Working data:

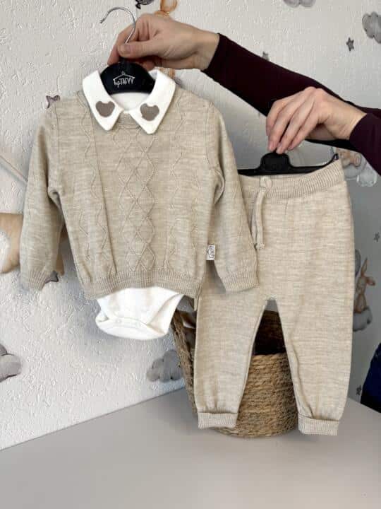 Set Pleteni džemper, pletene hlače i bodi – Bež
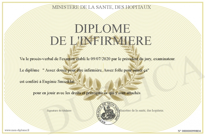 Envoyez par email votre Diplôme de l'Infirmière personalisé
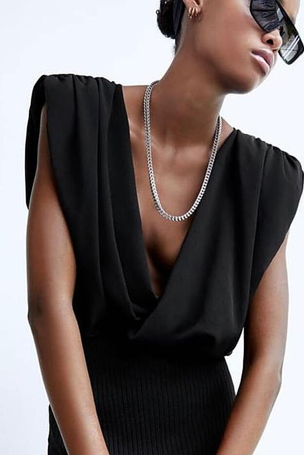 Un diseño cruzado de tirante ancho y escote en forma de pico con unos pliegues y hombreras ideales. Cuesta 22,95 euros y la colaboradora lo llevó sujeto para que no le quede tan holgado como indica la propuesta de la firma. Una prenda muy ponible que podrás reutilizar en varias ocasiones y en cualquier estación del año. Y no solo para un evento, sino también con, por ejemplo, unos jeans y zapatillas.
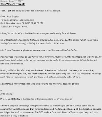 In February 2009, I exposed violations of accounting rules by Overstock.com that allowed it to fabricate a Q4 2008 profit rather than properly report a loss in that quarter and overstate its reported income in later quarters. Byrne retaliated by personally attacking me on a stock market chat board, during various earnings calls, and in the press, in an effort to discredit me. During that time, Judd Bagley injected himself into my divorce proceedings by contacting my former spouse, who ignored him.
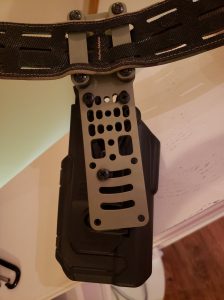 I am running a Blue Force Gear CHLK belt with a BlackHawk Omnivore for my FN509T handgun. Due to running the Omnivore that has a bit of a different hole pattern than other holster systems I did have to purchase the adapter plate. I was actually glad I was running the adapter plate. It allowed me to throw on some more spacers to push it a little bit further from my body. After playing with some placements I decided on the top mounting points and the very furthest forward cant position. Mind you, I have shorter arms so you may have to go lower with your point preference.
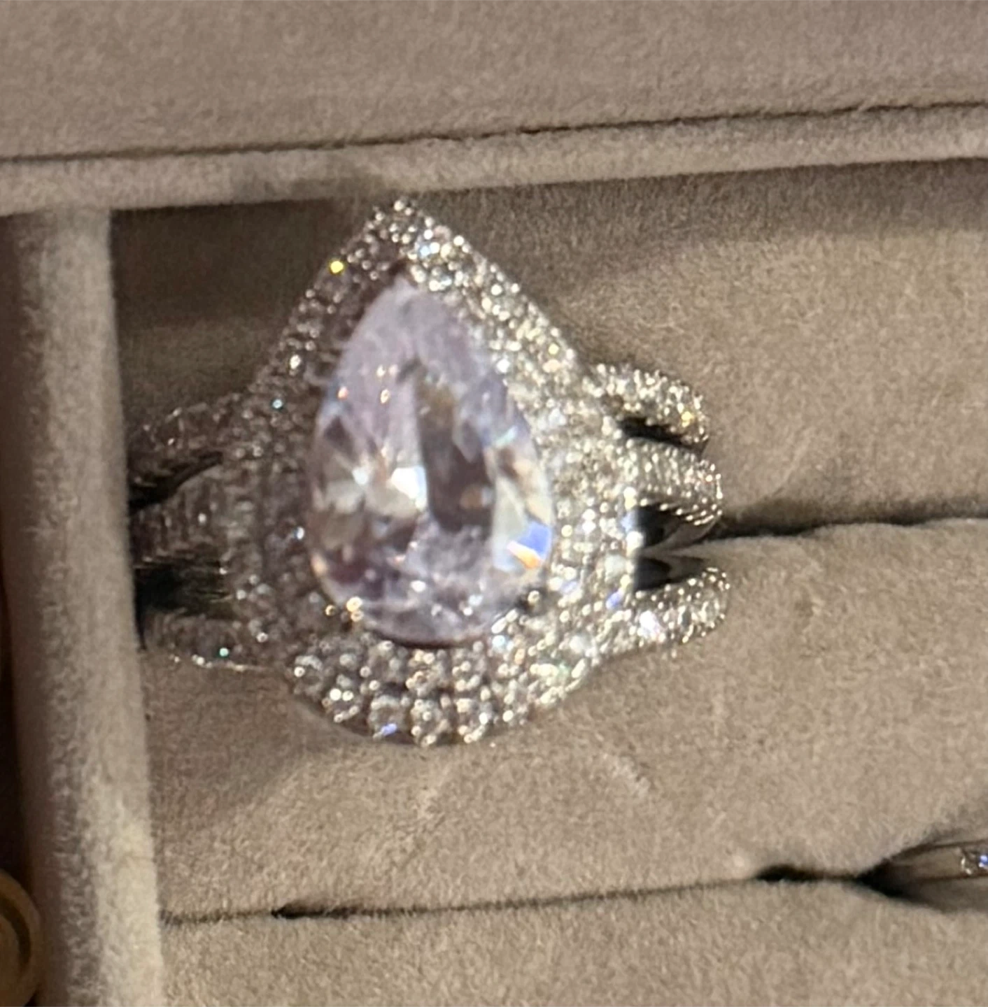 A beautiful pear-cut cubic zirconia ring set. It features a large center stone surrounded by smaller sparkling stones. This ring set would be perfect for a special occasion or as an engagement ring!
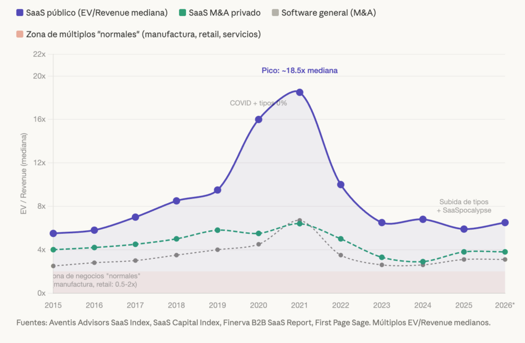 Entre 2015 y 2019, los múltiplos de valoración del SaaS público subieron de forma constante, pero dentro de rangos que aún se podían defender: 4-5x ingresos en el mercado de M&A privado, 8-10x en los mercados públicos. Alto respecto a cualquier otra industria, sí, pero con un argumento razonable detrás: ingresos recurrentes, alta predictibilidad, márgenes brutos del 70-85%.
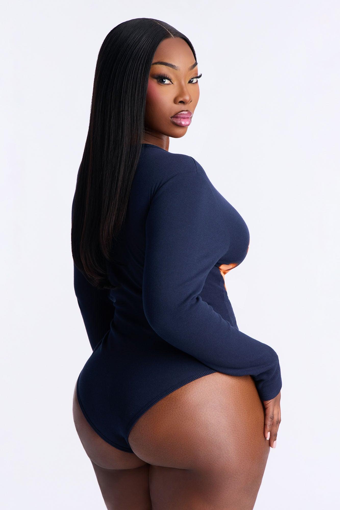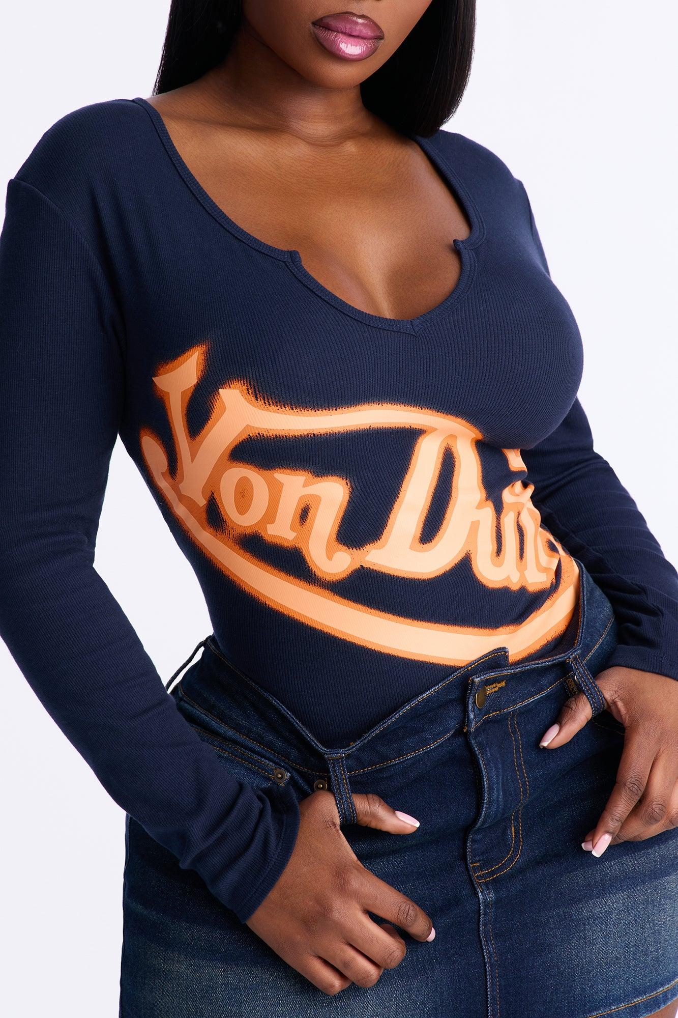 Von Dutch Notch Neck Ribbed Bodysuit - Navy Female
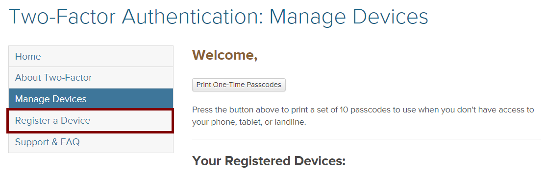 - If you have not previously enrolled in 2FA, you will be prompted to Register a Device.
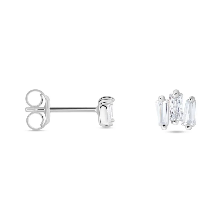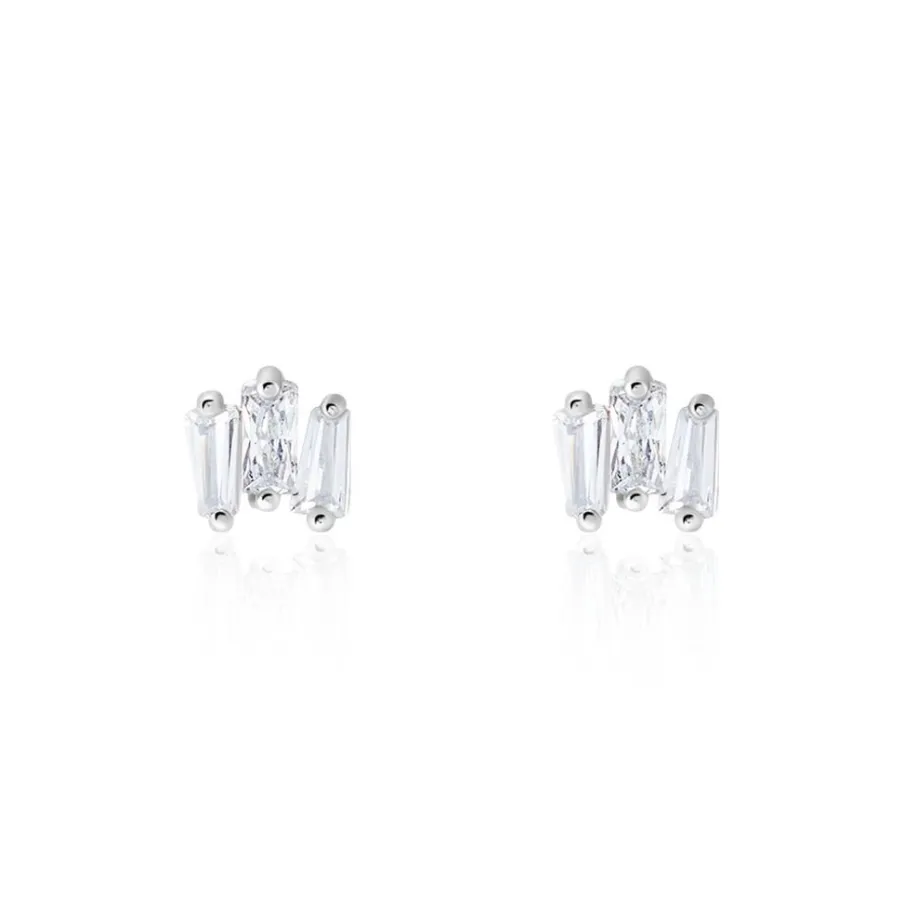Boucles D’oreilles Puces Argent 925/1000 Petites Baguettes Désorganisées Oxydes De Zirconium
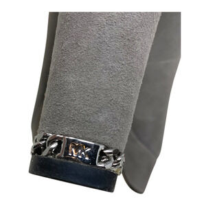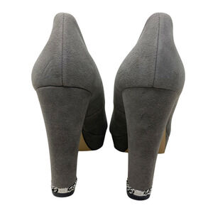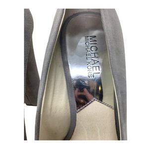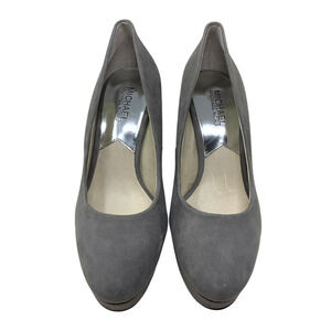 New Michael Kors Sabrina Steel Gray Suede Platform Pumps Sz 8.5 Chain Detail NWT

* * *

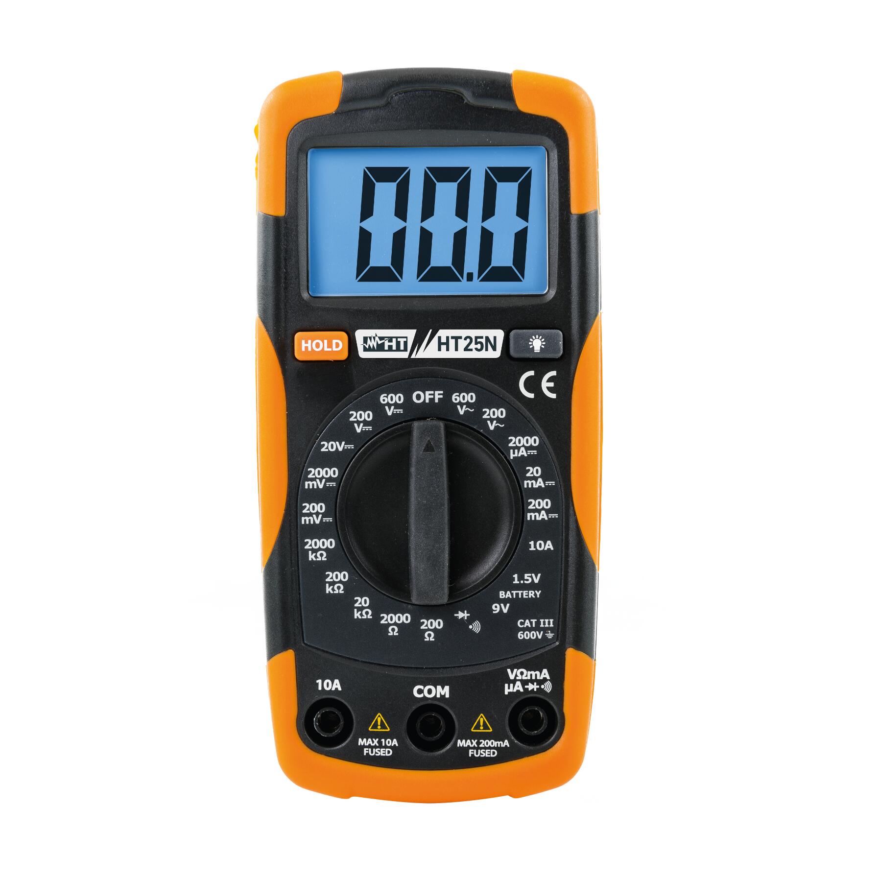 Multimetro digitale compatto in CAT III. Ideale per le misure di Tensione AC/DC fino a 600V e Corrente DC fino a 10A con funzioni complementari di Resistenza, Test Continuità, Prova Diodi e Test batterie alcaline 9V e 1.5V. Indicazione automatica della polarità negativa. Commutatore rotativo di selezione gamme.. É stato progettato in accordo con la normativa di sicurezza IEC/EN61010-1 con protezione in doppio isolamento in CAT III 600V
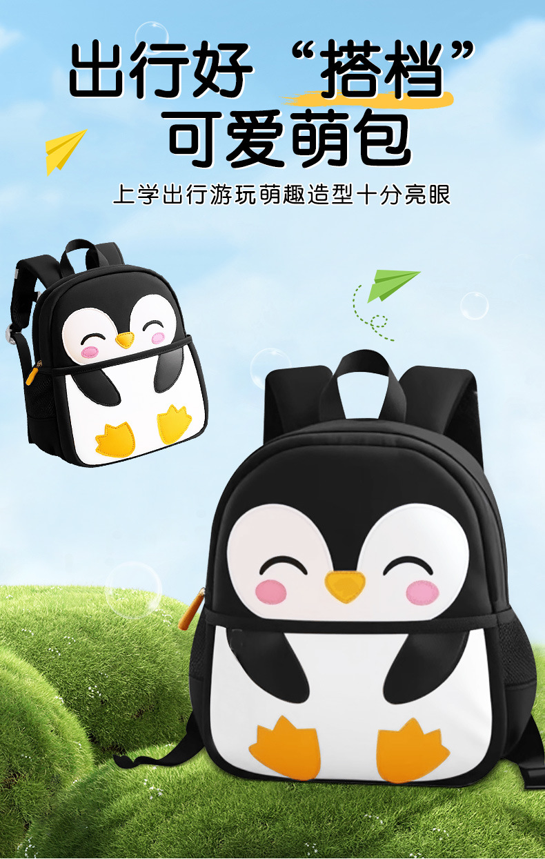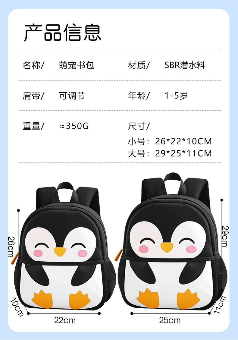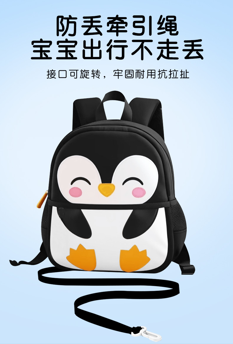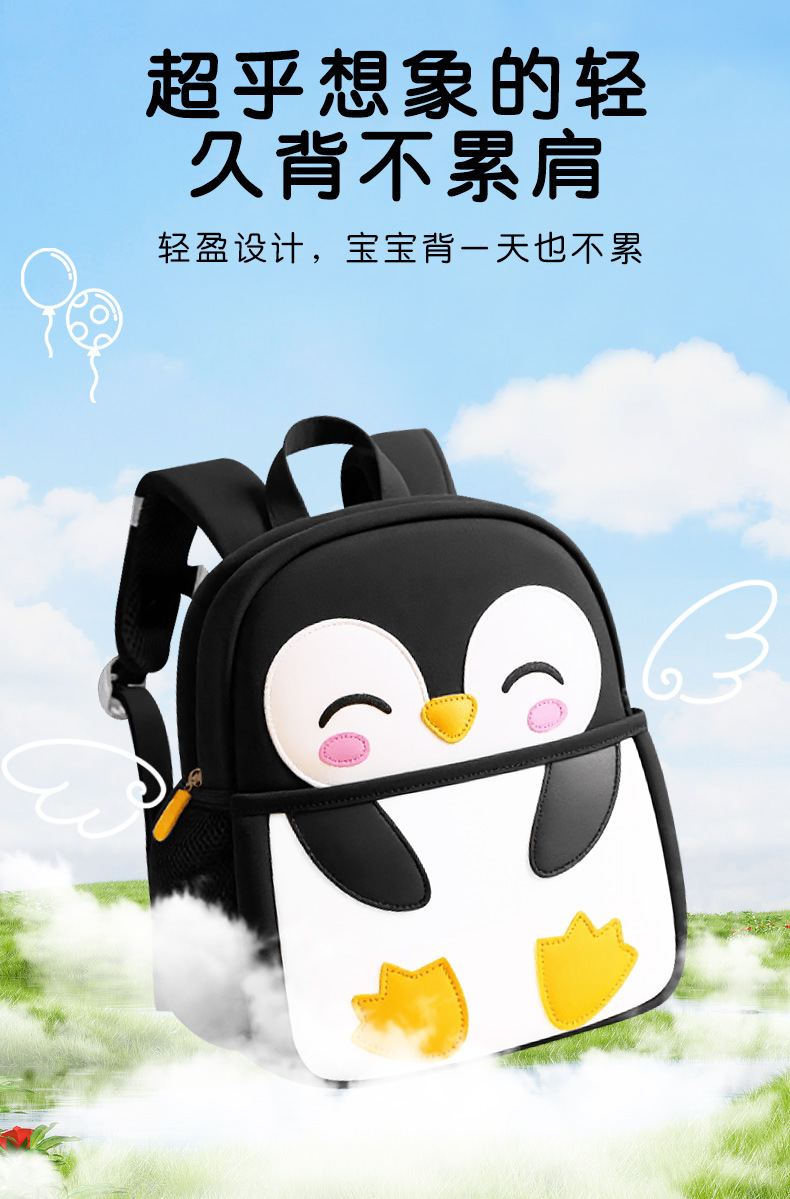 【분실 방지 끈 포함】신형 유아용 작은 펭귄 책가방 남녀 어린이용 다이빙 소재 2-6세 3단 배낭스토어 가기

...

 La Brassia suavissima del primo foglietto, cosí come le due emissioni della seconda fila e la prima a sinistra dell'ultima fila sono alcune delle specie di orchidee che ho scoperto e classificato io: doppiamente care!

Goal of the exercise: Word for word, write out the lines above running from the one with "Entre 2015 y" up to and including the one with "New Michael Kors". Drop any picture.

Exercise response:
 Entre 2015 y 2019, los múltiplos de valoración del SaaS público subieron de forma constante, pero dentro de rangos que aún se podían defender: 4-5x ingresos en el mercado de M&A privado, 8-10x en los mercados públicos. Alto respecto a cualquier otra industria, sí, pero con un argumento razonable detrás: ingresos recurrentes, alta predictibilidad, márgenes brutos del 70-85%.
 Von Dutch Notch Neck Ribbed Bodysuit - Navy Female
 - If you have not previously enrolled in 2FA, you will be prompted to Register a Device.
Boucles D’oreilles Puces Argent 925/1000 Petites Baguettes Désorganisées Oxydes De Zirconium
 New Michael Kors Sabrina Steel Gray Suede Platform Pumps Sz 8.5 Chain Detail NWT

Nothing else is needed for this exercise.